When you look at a picture of the muscles in the human body, it’s easy to see how they are all connected. This interconnectedness is what lets us move our bodies in different ways, but it’s also what makes it so hard to diagnose and treat lower back pain.
Lower back pain is the fifth most common reason for all doctor visits in the United States. In spite of that, the causes of lower back pain are often a mystery. Dr. Evan Johnson, Director of Physical Therapy at The Spine Hospital at the Neurological Institute of New York, cites literature showing that doctors can diagnose a definite cause for non-specific lower back pain only about 15 percent of the time.
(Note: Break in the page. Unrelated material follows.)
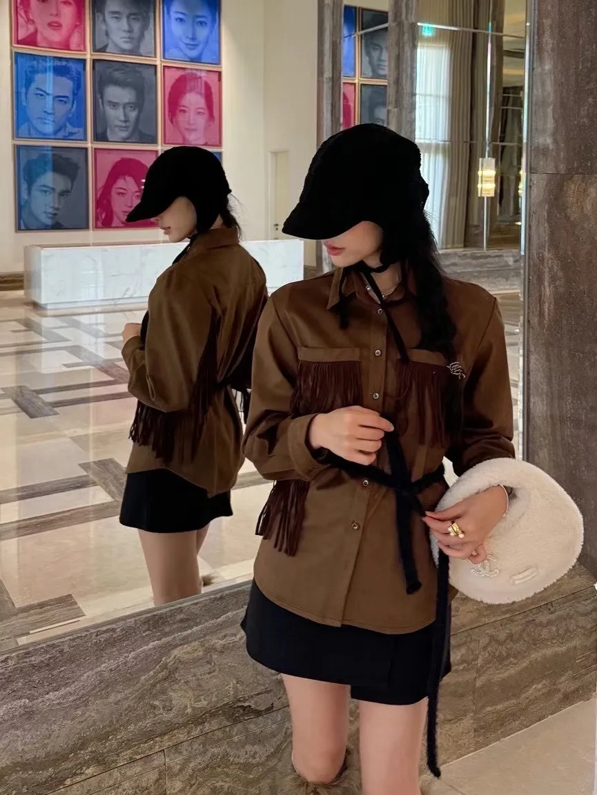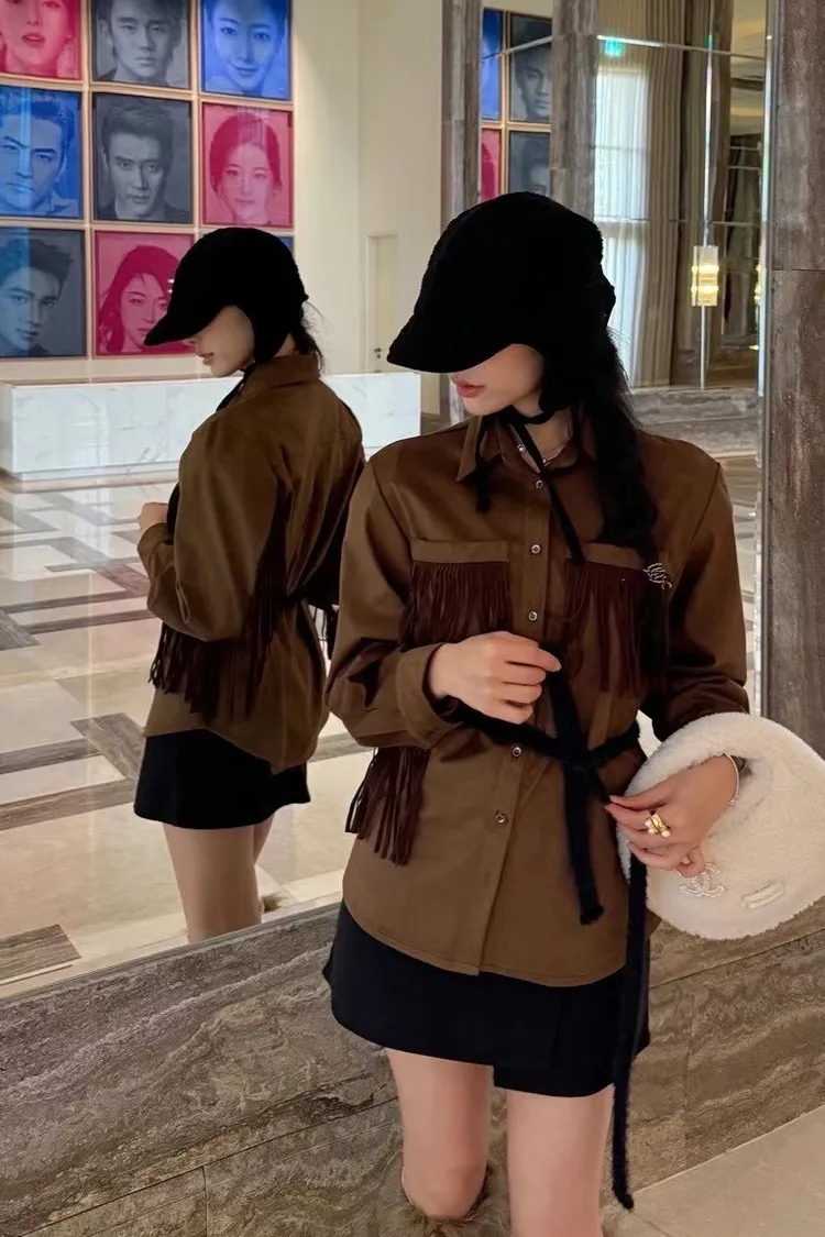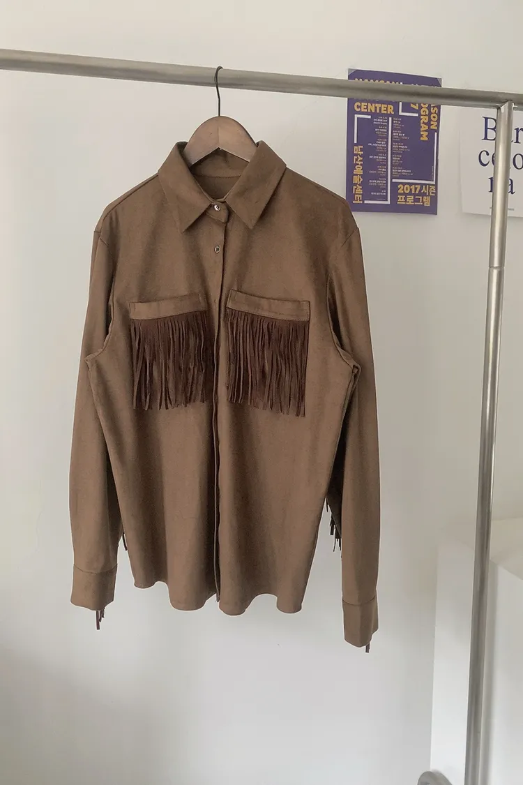 R63柔軟麂皮流蘇襯衫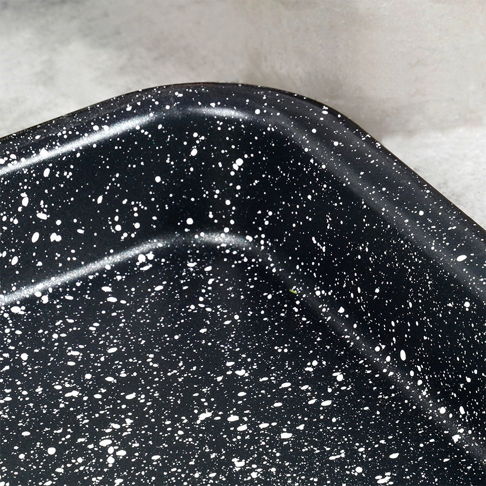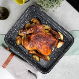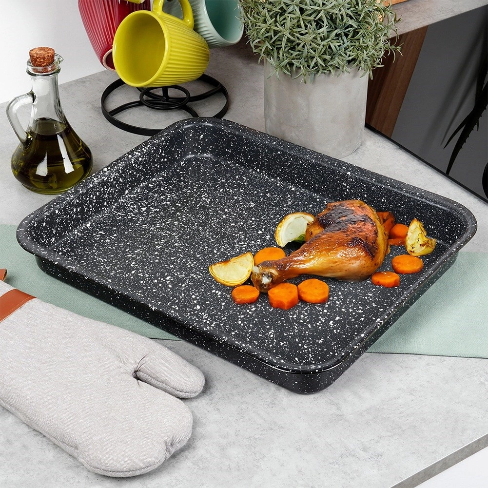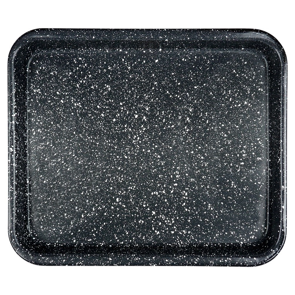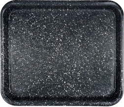 Univerzális tepsi magas peremmel az egyenletes átsülésért és a kényelmes kezelésért. A belső gránit hatású tapadásmentes réteg minimálisra csökkenti az odaégést még kevés zsiradék használata mellett is, és karcálló. A fekete, elegáns zománcozott fém tartós, hosszú távon megtartja alakját.

In a talk he gave to physical therapists at NewYork-Presbyterian Hospital, Dr. Johnson explained that part of the reason it’s so difficult to diagnose lower back pain is that elements of the spine are interdependent and may respond to the normal stresses of everyday life in a variety of ways.
The spinal column with all its associated joints and ligaments, the intervertebral discs and the systems of muscles around the spine all affect each other as well as the nearby pelvis and hip joints. This can make it difficult to tell exactly where the problem lies.
For example, hip problems and spine problems are closely related. Doctors call this hip-spine syndrome. Problems with the hip can place increased pressure on the spine, causing lower back pain. Similarly, problems in the spine can radiate pain into the hip, causing hip pain.
The spine and the hip can also affect each other at the same time, Dr. Johnson said. Lower back pain can cause muscles to spasm and shorten, which in turn can reduce hip mobility. This reduced mobility can then place a greater load on the spine in everyday activities, which results in—you guessed it—lower back pain.
“Even in the age of highly sophisticated medical technologies,” says Dr. Johnson. “A thorough physical exam is often necessary to identify and most effectively treat a patient’s condition.” In service to this notion, Dr. Johnson has published and lectured on the principles of physical exam of the spine to audiences of neurosurgeons, orthopedic surgeons, pain medicine physicians, physical therapists and chiropractors in venues throughout the United States.
Interdependence isn’t limited to the physical body. Dr. Johnson also told the group of physical therapists that when lower back pain is chronic, fear plays a large part in how the patient recovers. He said patients sometimes develop “fear-avoidance behaviors” that keep them from going back to work or exercise, or from doing anything they fear might result in more pain.
The problem is that avoiding activity allows the muscles to weaken, which results in more pain. Dr. Johnson said this cycle of fear-avoidance behaviors often leads to disability and sometimes depression.
Dr. Johnson said physicians have to examine the patient carefully, taking the interdependence of the spine and the rest of the body into account, to find and treat the actual source of the pain. They also have to remember the role pain and fear play in healing, and to help patients not only regain physical health but manage their fear of back pain as well. It’s all connected.